The Catastrophic Consequences of Event Configuration at Scale

#webdev #programming #security #appsec

The Problem We Were Actually Solving

At Veltrix, we were obsessed with building a real-time Treasure Hunt Engine that could handle millions of concurrent events from our user-generated game. Our primary goal was to minimize latency and optimize throughput. We employed a distributed architecture using Apache Kafka as our event broker and a fleet of Spark workers for processing these events. The theory was sound: use Kafka's fault-tolerant architecture, scale horizontally, and tap into Spark's high-performance processing capabilities.

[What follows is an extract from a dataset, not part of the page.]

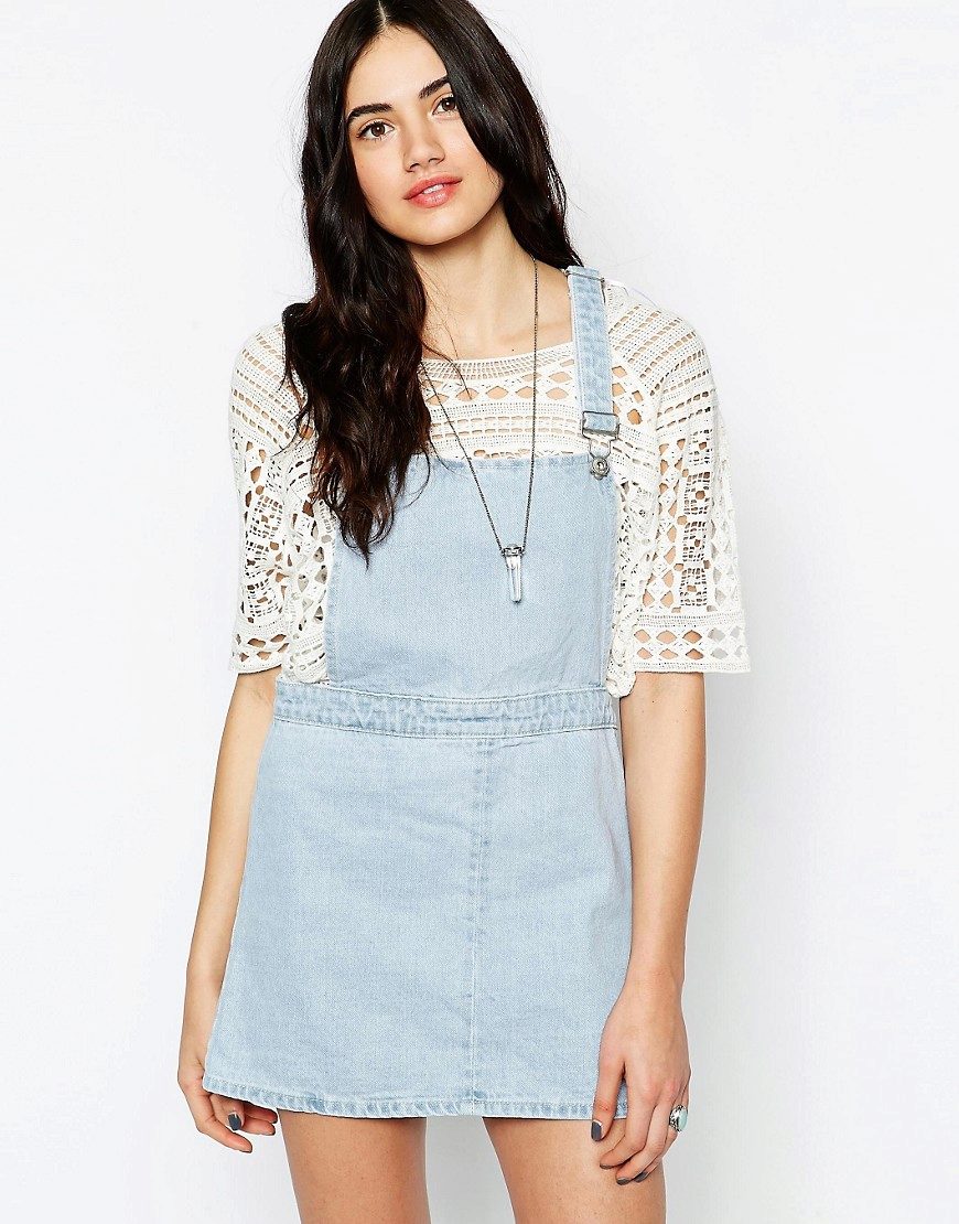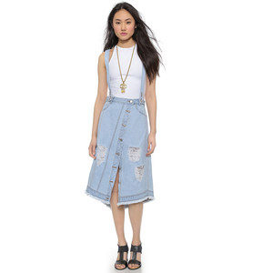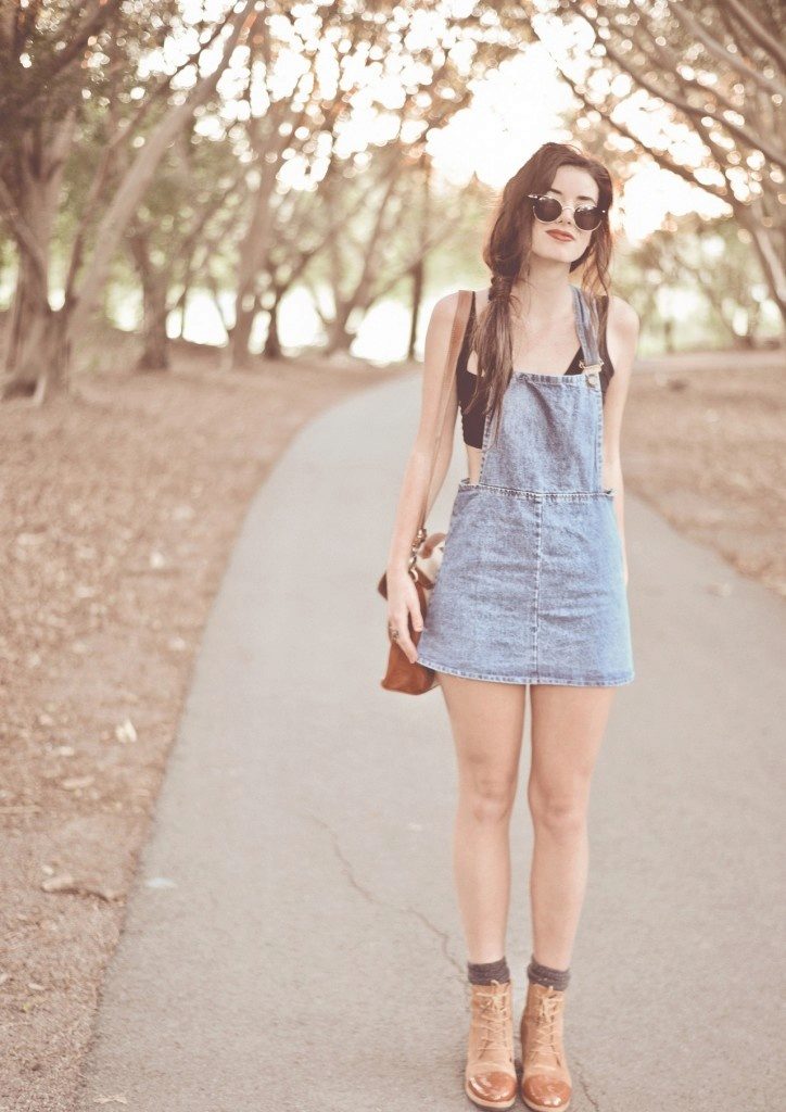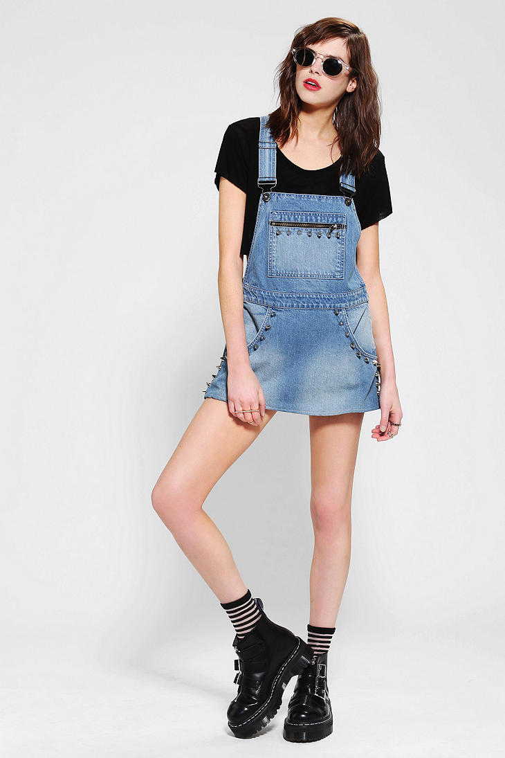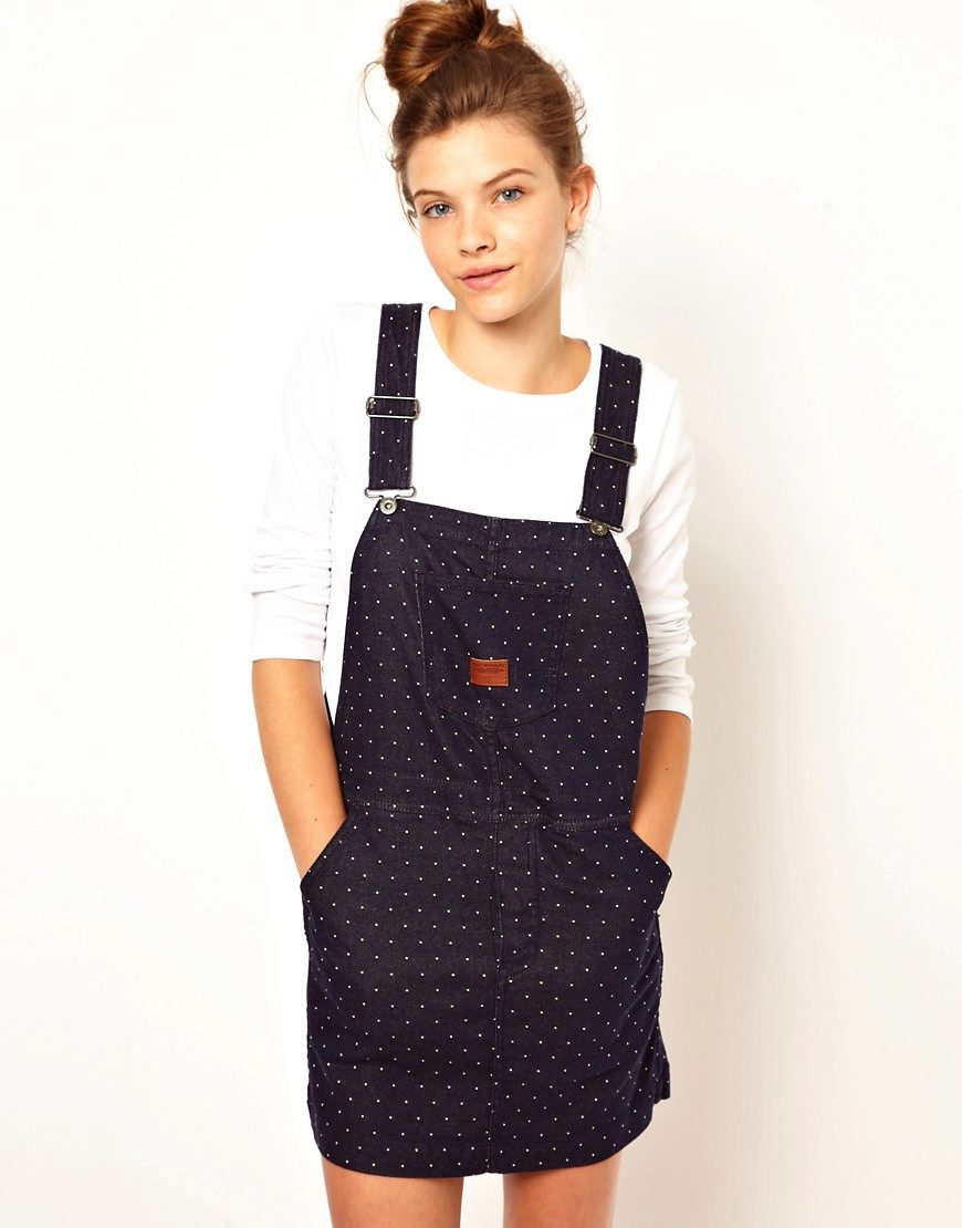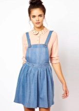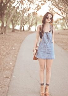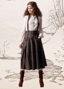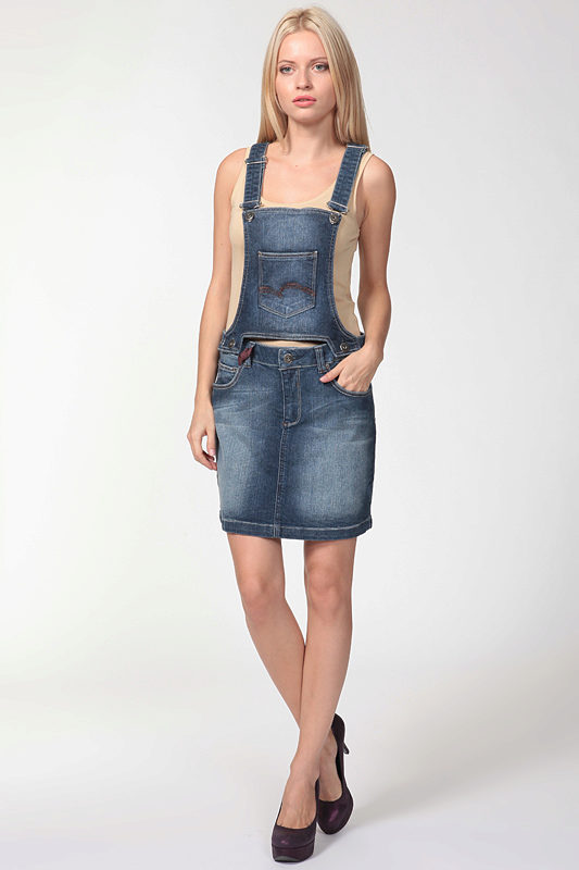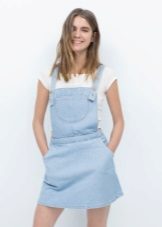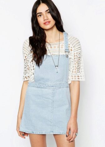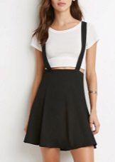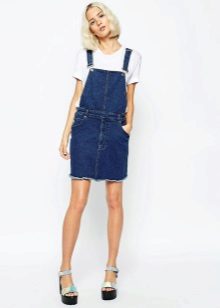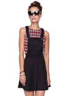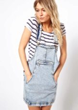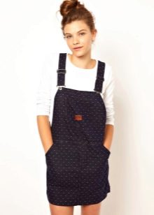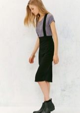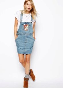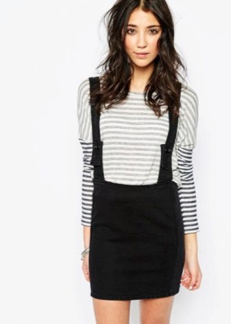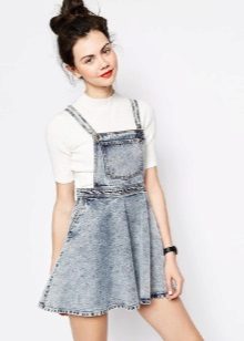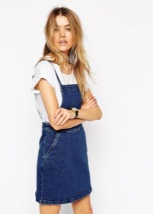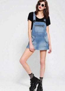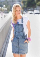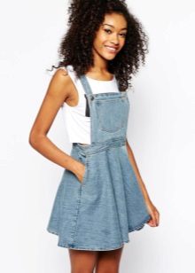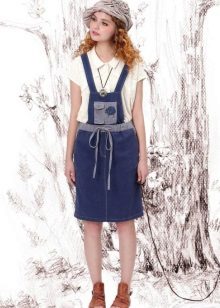 Among the models of female variants of overalls, quite often there are semi-overalls skirts. Unlike skirts-overalls, they do not have a closed top, that is, the straps in such clothes begin immediately from the skirt.

What We Tried First (And Why It Failed)

Initially, we attempted to brute-force our way through the system's configuration, relying on trial-and-error to optimize event handling. We started with a default configuration, cranking up the Kafka partitions, and adding more Spark workers as needed. However, this approach led to a series of issues: Kafka was unable to keep up with the volume of events, resulting in a queue backlog that caused Spark workers to crash under the pressure. We then increased the Spark executor memory, but this only exacerbated the problem, as it led to worker OOM (out-of-memory) crashes.

The Architecture Decision

A careful review of the code and system logs revealed an architectural decision that created the issue: a configuration parameter in Kafka, max.local.threads, was set too high. This led to an uncontrolled growth in worker threads, overwhelming Spark's processing capabilities and causing the entire system to falter. Additionally, we had also configured Kafka to use a queue.enqueue.batch.size, which caused messages to be buffered in memory, further exacerbating the issue.

What The Numbers Said After

We analyzed our system logs to understand the correlation between event volume, Kafka partition, and Spark worker crashes. Our findings revealed that during peak hours, Kafka's partitions were consistently 200% utilized, while Spark workers crashed approximately 15% of the time. By changing the event configuration parameters, we were able to reduce Kafka partition utilization to 50% and Spark worker crashes to nearly zero.

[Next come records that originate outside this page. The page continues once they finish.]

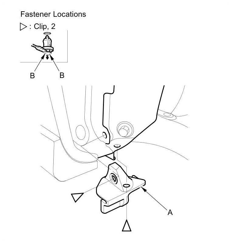 NOTE: To release the clips, pry up on the center pin at the notch (B).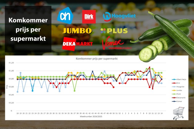 De forse komkommeraanbieding van Hoogvliet (van 95 cent voor 69 cent per stuk) uit week 13 loopt in week 14 door. Verder zien we prijsverlagingen van 10 cent per stuk bij Albert Heijn, Jumbo, DekaMarkt en Vomar.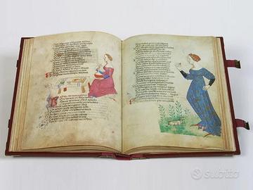 L’Acerba di Cecco D’Ascoli (Acerba aetas). Ms Pluteo 40.52 – Biblioteca Mediceo Laurenziana, Firenze. Editalia, Roma, 2006. Scritto da Francesco Stabili di Simeone, noto come Cecco d’Ascoli, nel 1476 in un volgare umbro-marchigiano arcaico, in forma allegorica vengono trattate questioni naturali, come la proprietà degli animali e delle pietre, concetti filosofici, psicologici, etici e teologici. Commentario (83 pagine ; 20,5×29 cm.) in italiano, a cura di Ida Giovanna Rao, funzionario della Biblioteca Medicea, e di Giordana Mariani Canova, docente di Storia dell’Arte Medievale e Storia della Miniatura all’Università degli Studi di Padova. Legatura in pelle, con cantonali e borchie sui due piatti e chiusura con fermagli. Il Codice e il Commentario sono custoditi in un contenitore a forma di libro.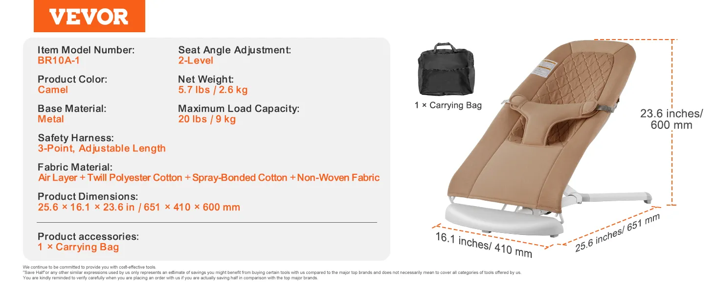 Het VEVOR wipstoeltje is voorzien van een 3-puntsveiligheidsgordel, een stereoscopisch wikkelontwerp en een kantelhoek op 2 niveaus voor veilige en comfortabele ondersteuning. Lichtgewicht en opvouwbaar, waardoor u hem gemakkelijk onderweg kunt meenemen.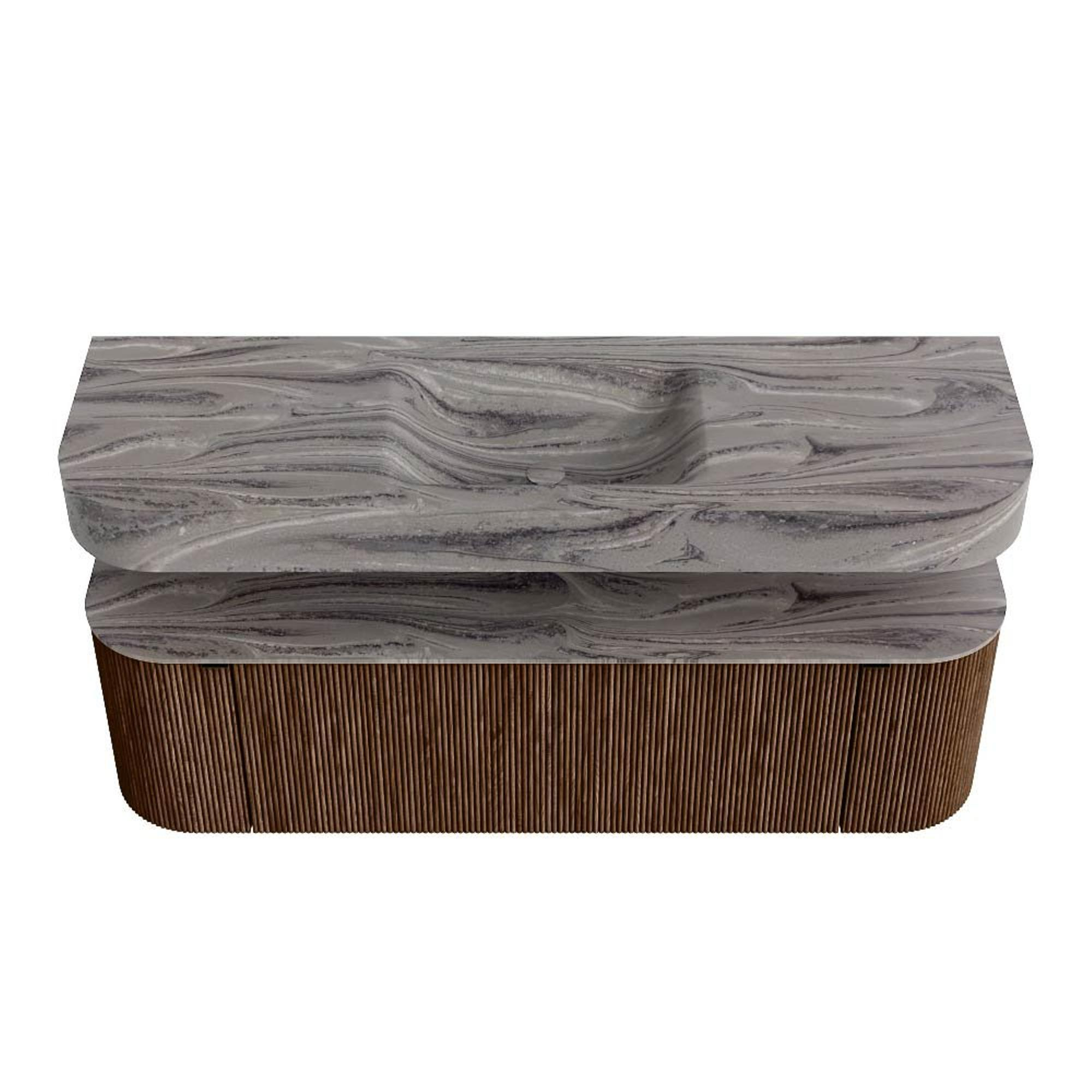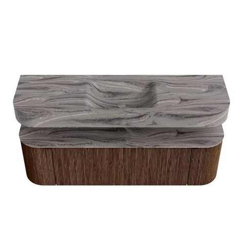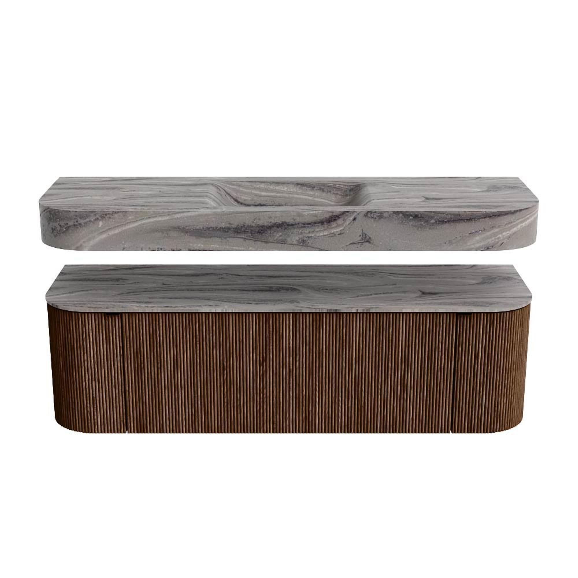 MONDIAZ THOR-DLUX 150cm badmeubel ronding links + rechts kleur Walnut met 1 lade en 2 deuren. Vrijhangende wastafel CLOUD Midden zonder kraangat kleur Sombra.

What I Would Do Differently

Looking back, we can see that our initial approach to event configuration was overly simplistic. In hindsight, we should have taken the time to thoroughly document and understand every configuration parameter in Kafka and Spark. Additionally, we should have designed a systematic testing framework to validate our configuration changes before deploying them to production. By adopting a structured approach to event configuration and documenting our learnings, we can avoid such catastrophic failures and ensure that our high-traffic systems continue to operate reliably under extreme conditions.